Final answer:
An increase in the minimum wage to $15 per hour can have various effects on employment, unemployment rate of teenagers, availability of on-the-job training for low-skilled workers, and demand for high-skilled workers.
Step-by-step explanation:
A minimum wage increase from the current level to $15 per hour can have several effects:
a. Employment of people previously earning less than $15 per hour: One potential effect of an increase in the minimum wage is that some employers may not be able to afford to pay their employees the higher wage, which could lead to a reduction in employment for low-wage workers. However, empirical evidence suggests that the overall impact on employment is minimal.
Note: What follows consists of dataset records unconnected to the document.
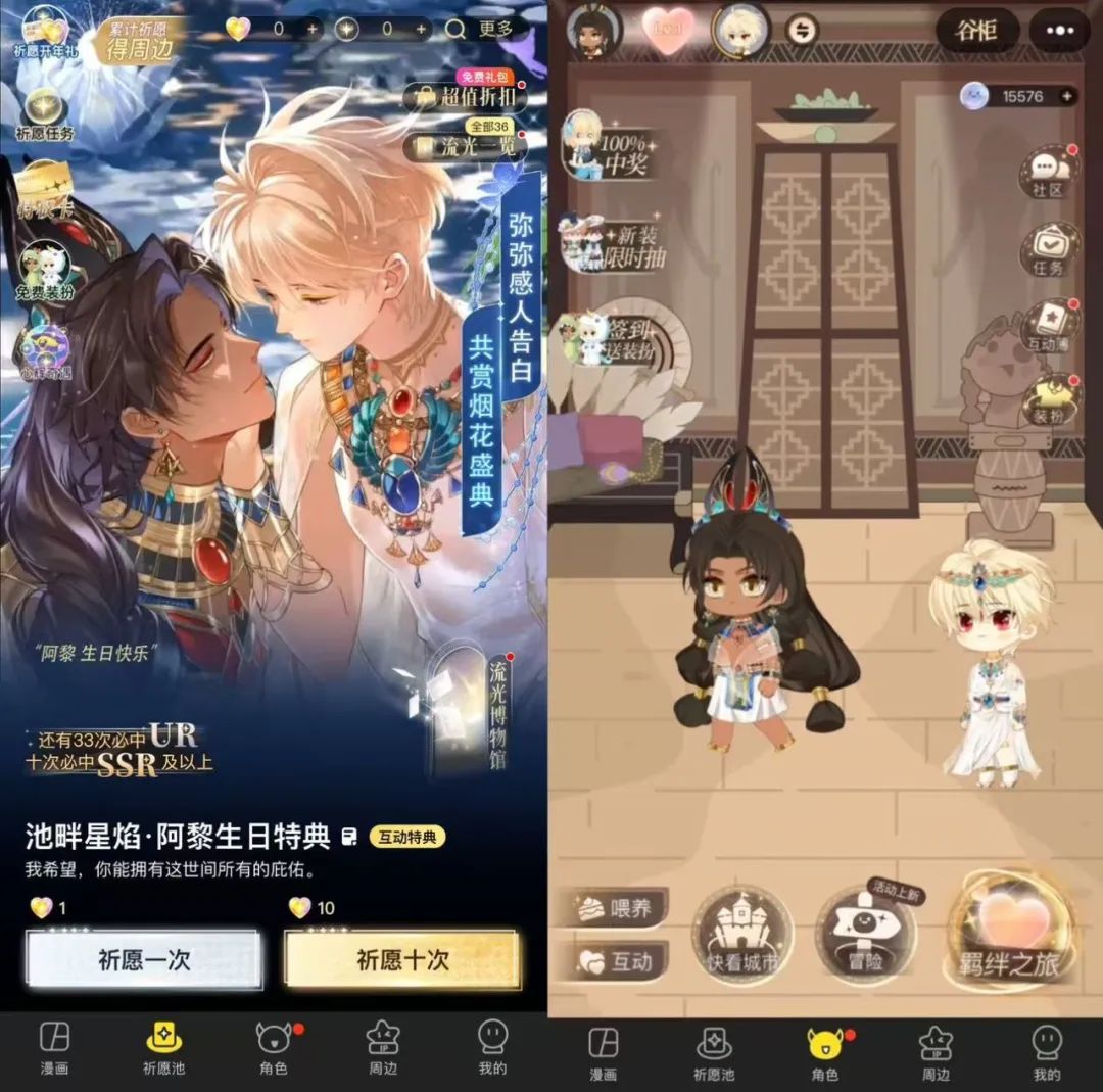 為實現後者,快看更是對APP進行了多重升級,增加“祈願池”、“角色”界面,基於站內海量漫畫IP提供特典抽卡、雲養崽等類似遊戲的互動體驗。
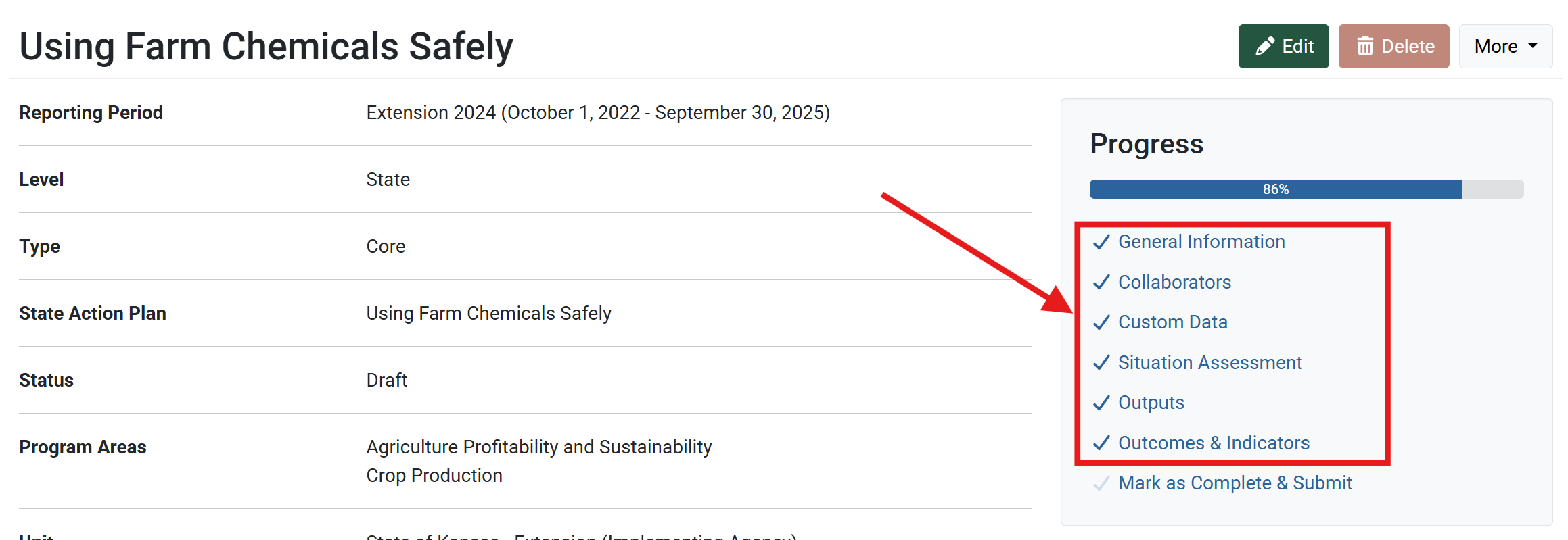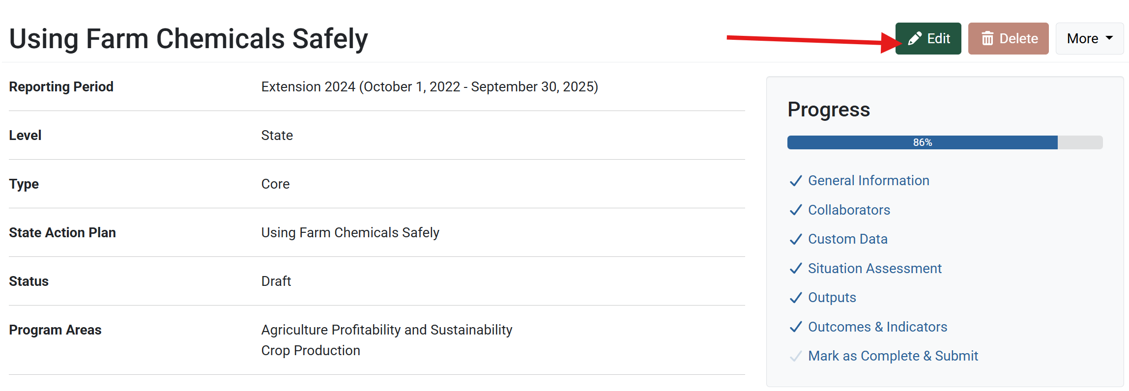 For more information on Action Plan fields, see the documentation article for the applicable section: General Information, Collaborators, Custom Data, Situation Assessment, Outputs, or Outcomes & Indicators. - After making changes, click Save and continue to save the page and move to the next section, or click Save to save the current changes and view the record details.
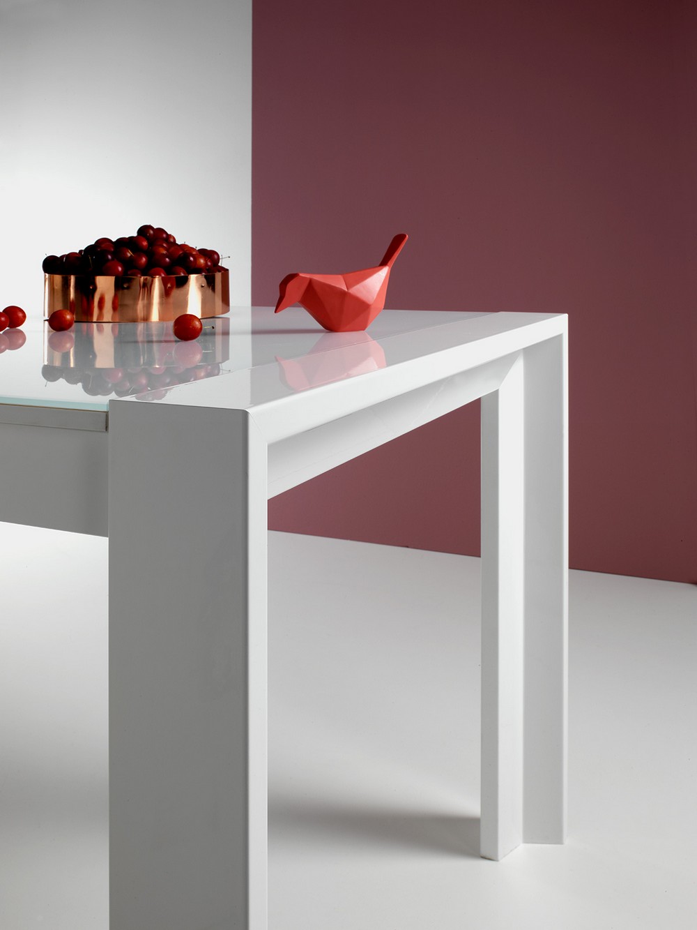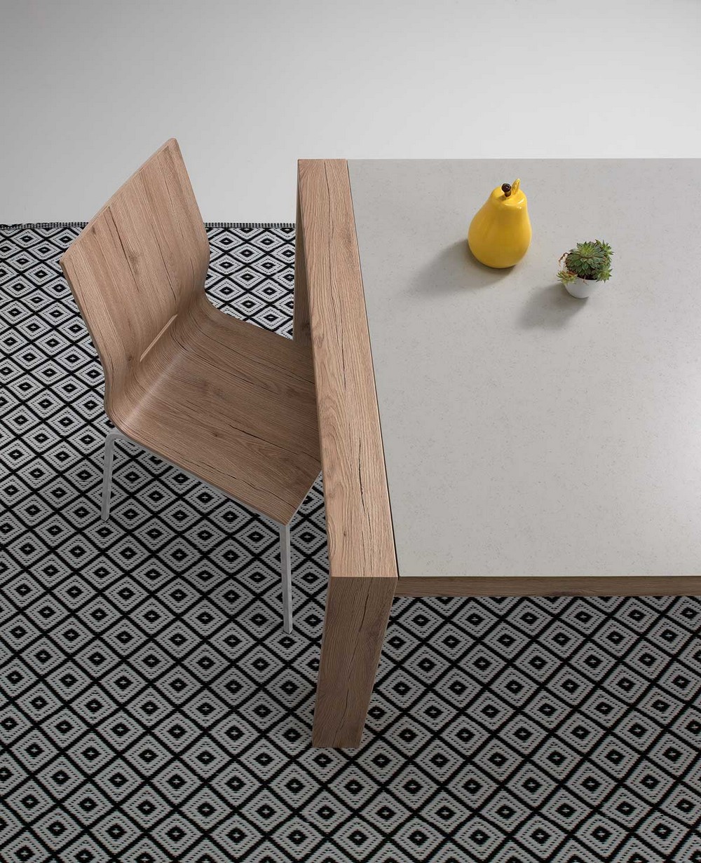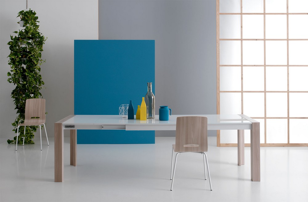 Milano von Point House ist ein Tisch mit zwei 40 cm langen Einlegeplatten (oder drei in der LONG-Version) und einem umlaufenden Öffnungsmechanismus auf Aluminiumschienen. Das Metallgestell ist epoxidpulverbeschichtet oder mit Holzeffekt furniert. Das besondere Merkmal des Milano-Tisches sind seine Beine, die aus Melamin oder beschichtetem MDF bestehen können und mit einem patentierten, einziehbaren „Click Clak“-Rollensystem ausgestattet sind, das das Öffnen des Tisches erleichtert. Die Melaminplatte ist 18 mm dick.
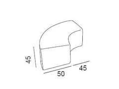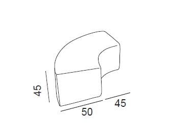 Accostando quattro moduli si forma un cerchio, che al suo interno può contenere un pouf rotondo.
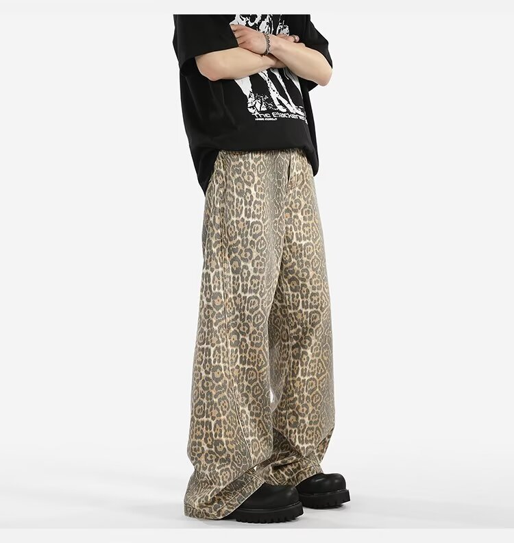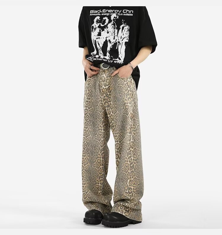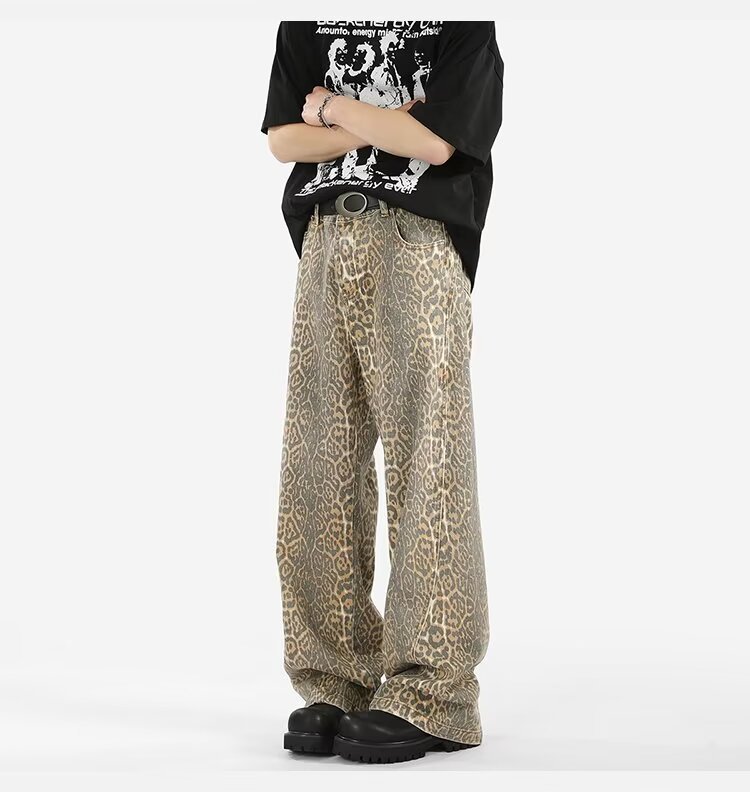 아메리칸 스타일 레트로 트리 나이트 라이트 컬러 레오파드 무늬 청바지 남성과 여성 스트레이트 레그 와이드 레그 팬츠 바이브 스타일 바지스토어 가기
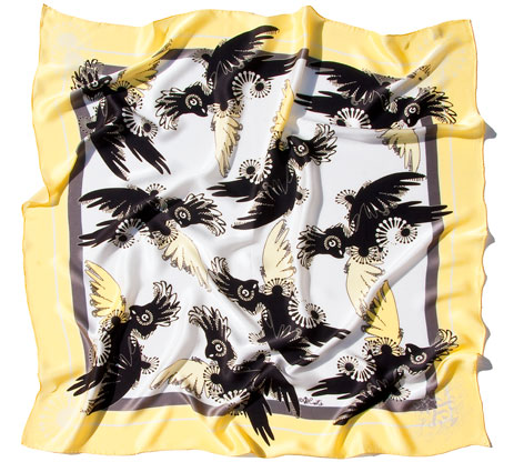 | yellow galahs Sulphur-crested cockatoos and flowering eucalypt blossoms form a pattern rendered in subtle shades of yellow accented with grey and black. 100% SILK 97x97cm Buy Now |

b. Unemployment rate of teenagers: Teenagers may be more likely to be affected by an increase in the minimum wage, as they often hold jobs in industries that pay the minimum wage. If employers reduce hiring or cut back on hours to compensate for the higher wage, it could lead to an increase in the unemployment rate for teenagers.
c. Availability of on-the-job training for low-skilled workers: Higher minimum wage could potentially lead to a reduction in on-the-job training opportunities for low-skilled workers. As employers may be less willing to invest in training if the cost of labor increases.
d. Demand for high-skilled workers who are good substitutes for low-skilled workers: An increase in the minimum wage may lead to an increased demand for high-skilled workers who can perform similar tasks as low-skilled workers. Employers may choose to substitute low-skilled workers with high-skilled workers if they can afford to pay higher wages.
Overall, the impact of an increase in the minimum wage on these factors will depend on a variety of factors including the elasticity of labor demand and the specific characteristics of the labor market.